(Task description): Below are the entries. Print only the lines starting at the one with "Balení obsahuje dvě" and ending at the one with "The AIM-66 is", exactly, with no pictures.

Start of Study material

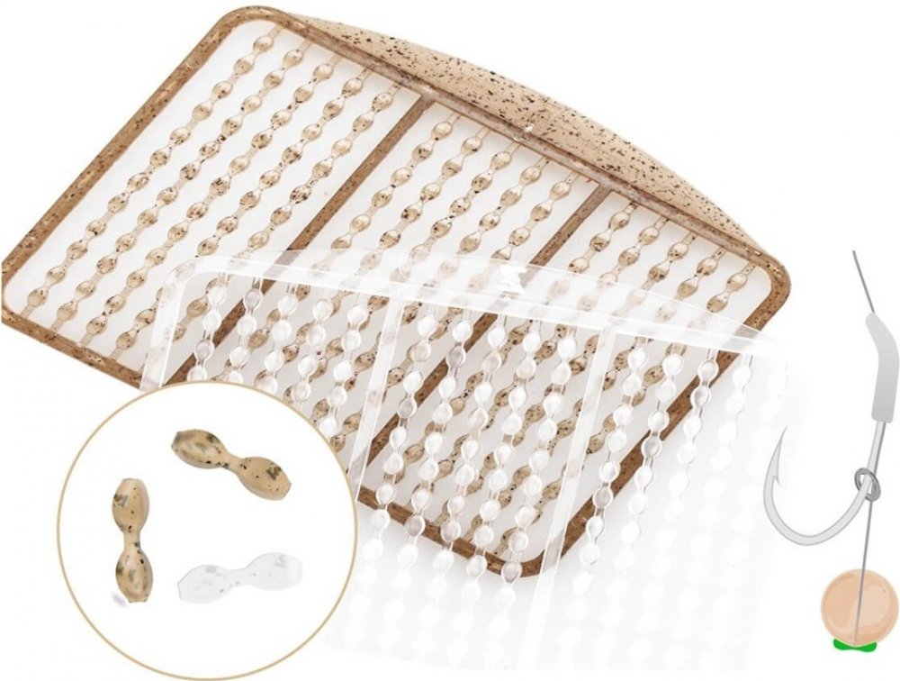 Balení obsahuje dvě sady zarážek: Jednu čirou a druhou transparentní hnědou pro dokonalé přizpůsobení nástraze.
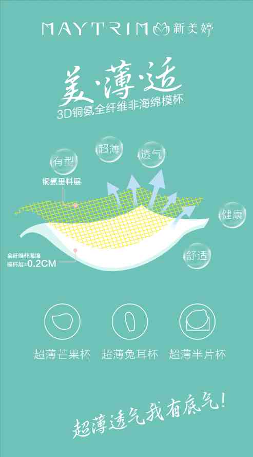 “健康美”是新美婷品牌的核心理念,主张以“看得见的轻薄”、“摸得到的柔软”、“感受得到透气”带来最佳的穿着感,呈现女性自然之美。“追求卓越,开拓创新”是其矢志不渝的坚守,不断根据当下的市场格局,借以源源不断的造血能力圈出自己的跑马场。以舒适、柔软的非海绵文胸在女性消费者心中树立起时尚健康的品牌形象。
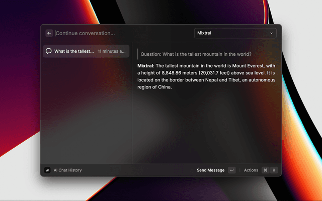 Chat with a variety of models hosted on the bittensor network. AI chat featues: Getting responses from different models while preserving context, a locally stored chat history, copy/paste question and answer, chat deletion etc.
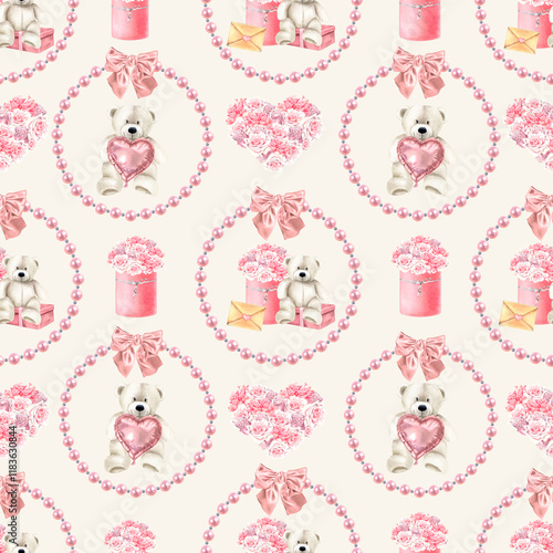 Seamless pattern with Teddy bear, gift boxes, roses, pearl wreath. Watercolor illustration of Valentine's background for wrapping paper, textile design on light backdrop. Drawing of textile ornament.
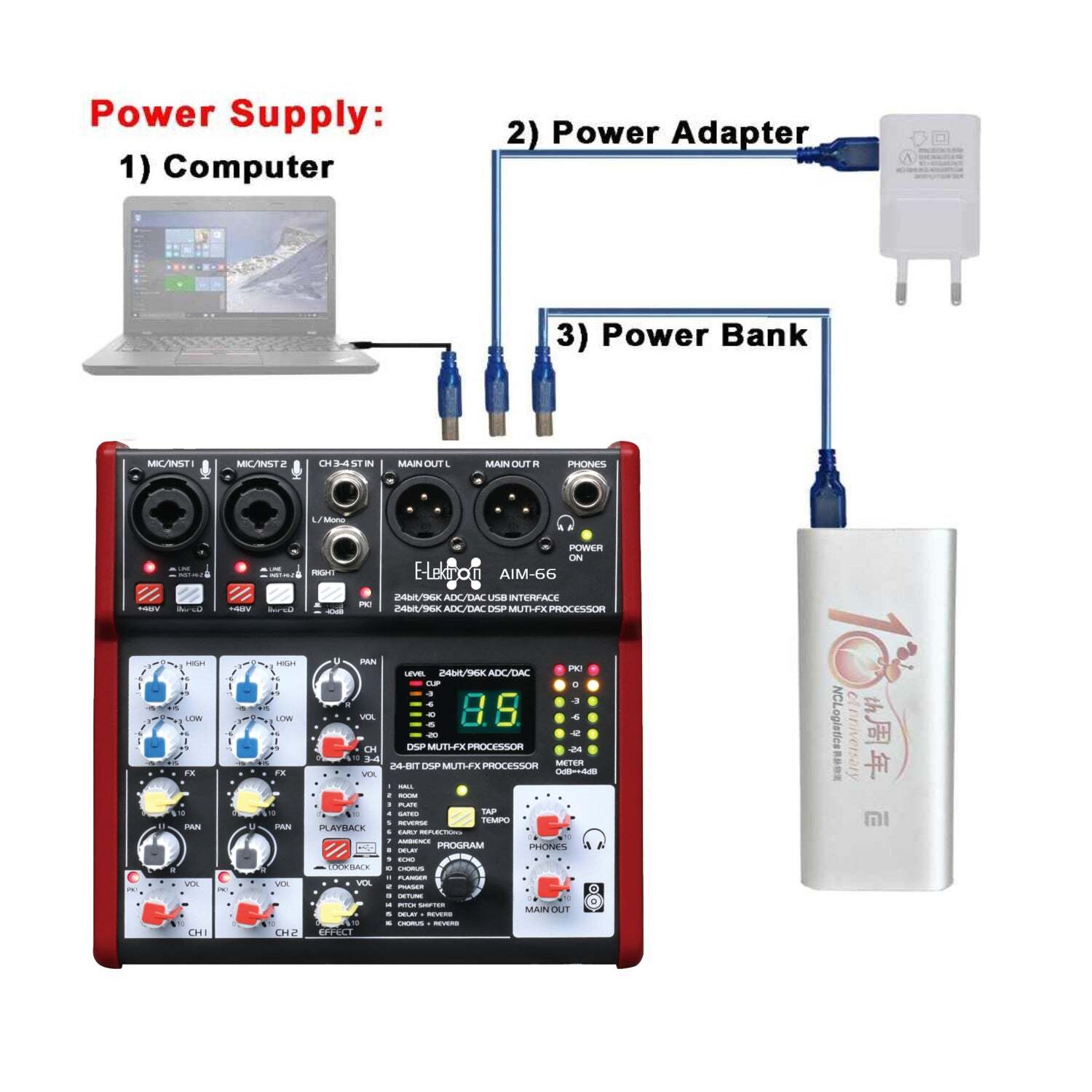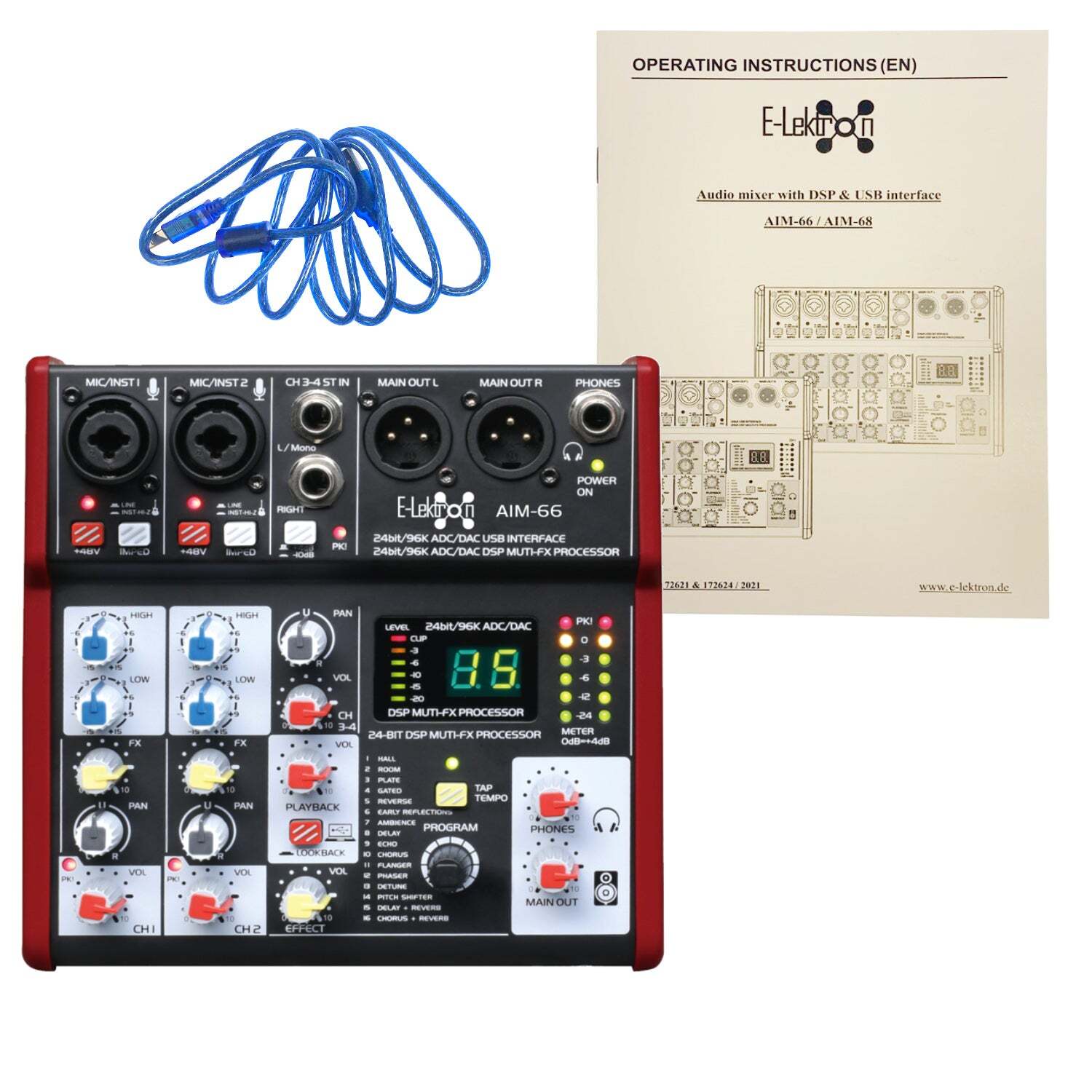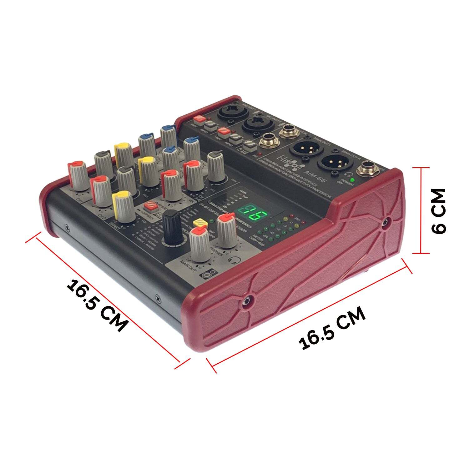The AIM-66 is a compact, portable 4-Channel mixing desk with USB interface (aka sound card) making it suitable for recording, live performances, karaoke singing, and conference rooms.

End of Study material
Start of Study material

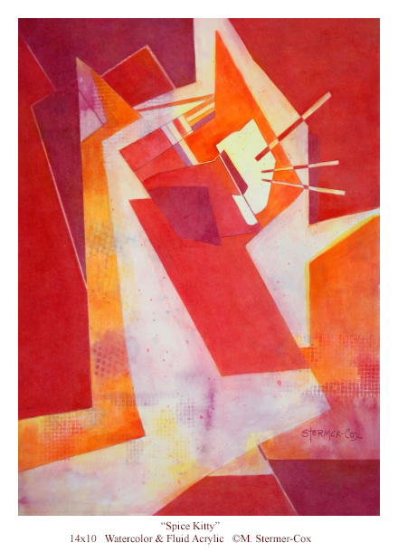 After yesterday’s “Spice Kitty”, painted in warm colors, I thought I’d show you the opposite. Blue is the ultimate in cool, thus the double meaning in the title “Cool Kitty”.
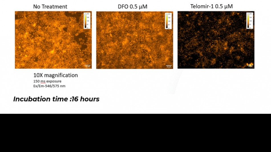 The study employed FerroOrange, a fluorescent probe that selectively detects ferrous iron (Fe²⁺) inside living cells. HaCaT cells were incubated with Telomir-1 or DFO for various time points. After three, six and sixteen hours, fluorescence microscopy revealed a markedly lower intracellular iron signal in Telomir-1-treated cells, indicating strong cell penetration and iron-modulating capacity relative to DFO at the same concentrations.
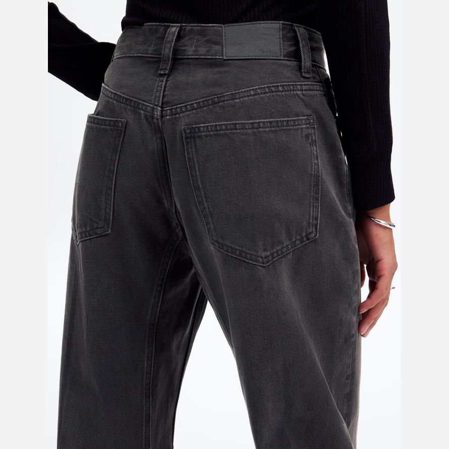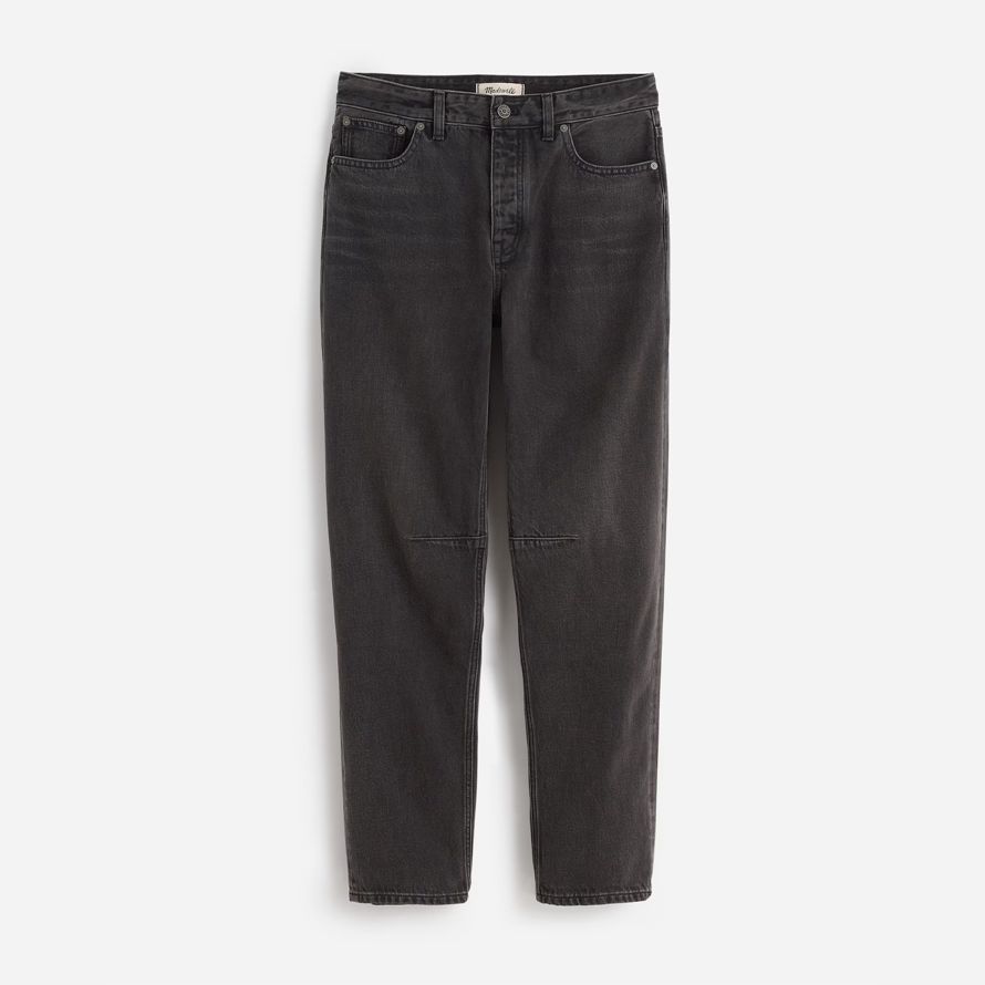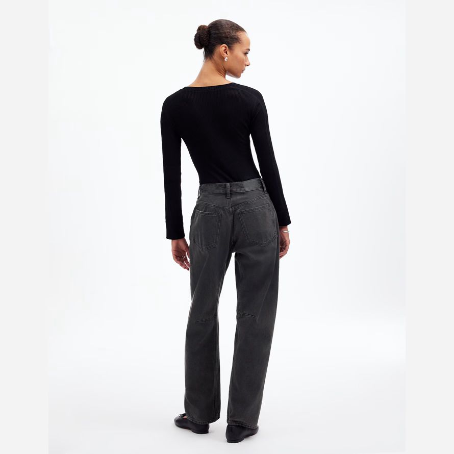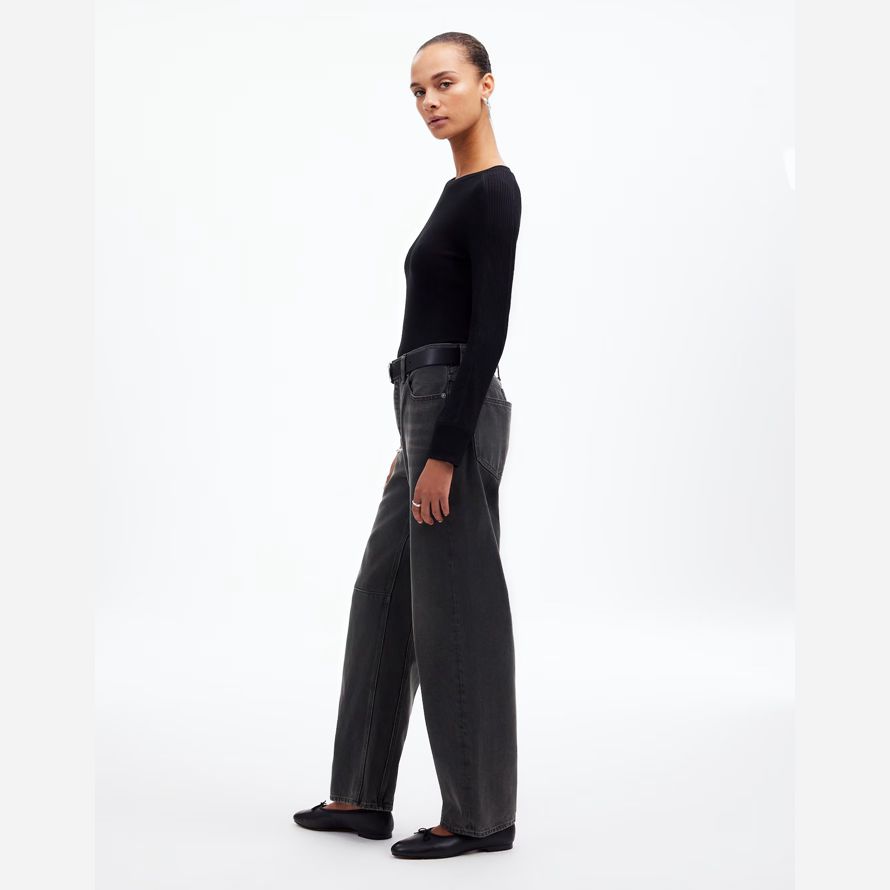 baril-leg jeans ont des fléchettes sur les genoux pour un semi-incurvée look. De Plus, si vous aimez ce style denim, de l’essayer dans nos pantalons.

End of Study material
Start of Study material

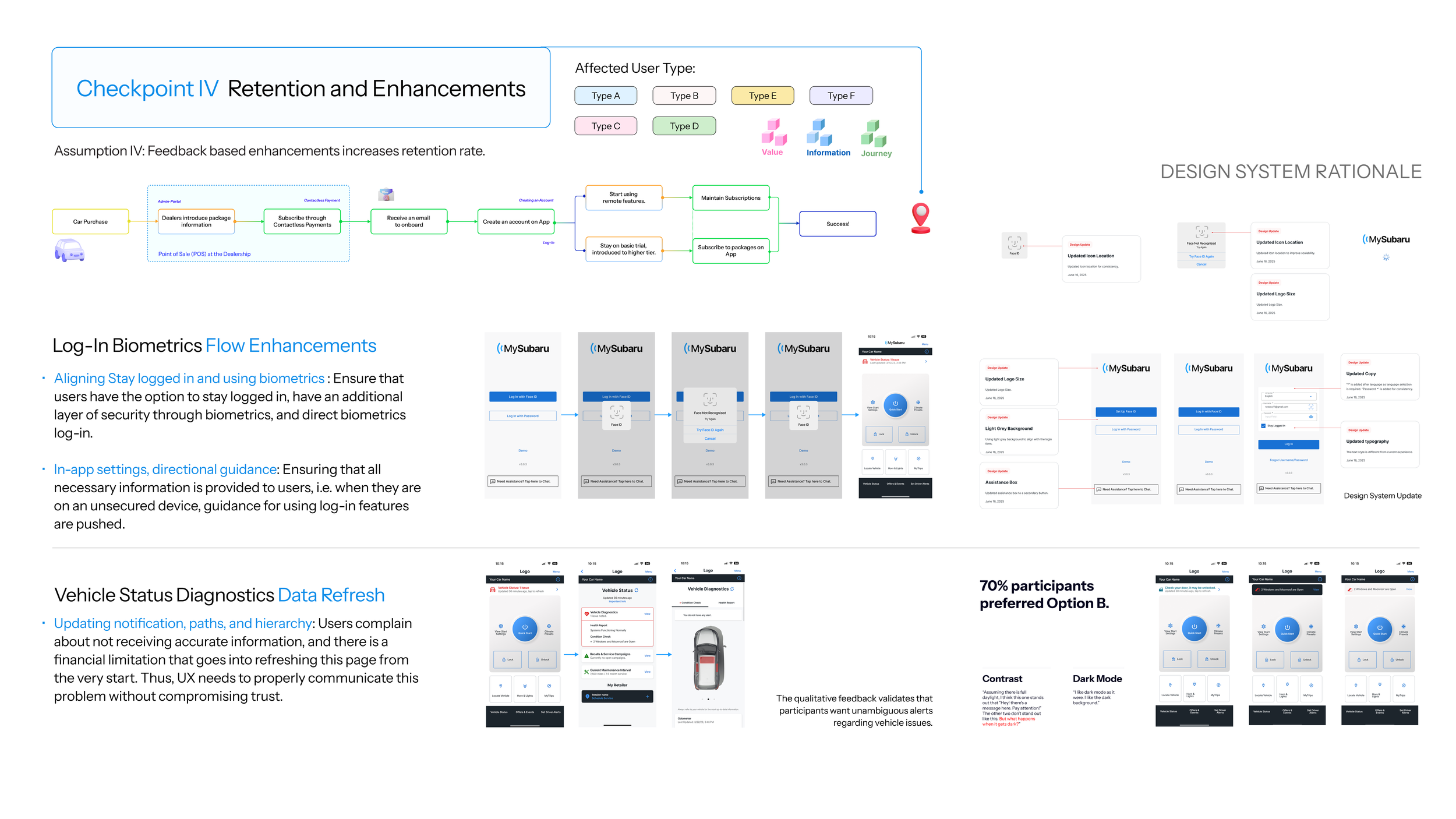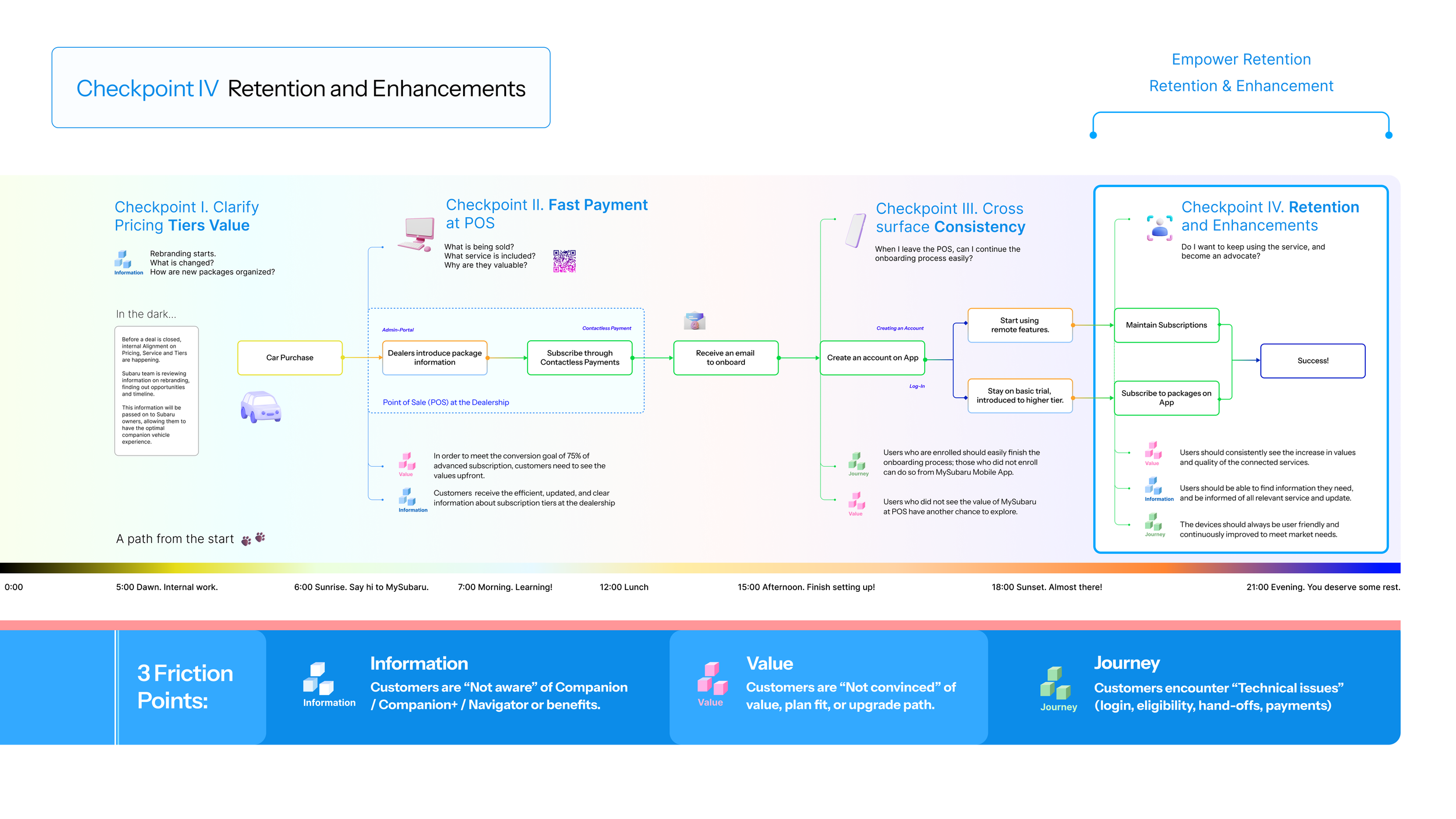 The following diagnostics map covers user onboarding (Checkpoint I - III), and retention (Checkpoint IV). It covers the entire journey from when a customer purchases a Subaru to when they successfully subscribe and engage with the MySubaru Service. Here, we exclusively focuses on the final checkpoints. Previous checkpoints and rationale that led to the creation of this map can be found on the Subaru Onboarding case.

End of Study material

(Answer):
 Balení obsahuje dvě sady zarážek: Jednu čirou a druhou transparentní hnědou pro dokonalé přizpůsobení nástraze.
 “健康美”是新美婷品牌的核心理念,主张以“看得见的轻薄”、“摸得到的柔软”、“感受得到透气”带来最佳的穿着感,呈现女性自然之美。“追求卓越,开拓创新”是其矢志不渝的坚守,不断根据当下的市场格局,借以源源不断的造血能力圈出自己的跑马场。以舒适、柔软的非海绵文胸在女性消费者心中树立起时尚健康的品牌形象。
 Chat with a variety of models hosted on the bittensor network. AI chat featues: Getting responses from different models while preserving context, a locally stored chat history, copy/paste question and answer, chat deletion etc.
 Seamless pattern with Teddy bear, gift boxes, roses, pearl wreath. Watercolor illustration of Valentine's background for wrapping paper, textile design on light backdrop. Drawing of textile ornament.
The AIM-66 is a compact, portable 4-Channel mixing desk with USB interface (aka sound card) making it suitable for recording, live performances, karaoke singing, and conference rooms.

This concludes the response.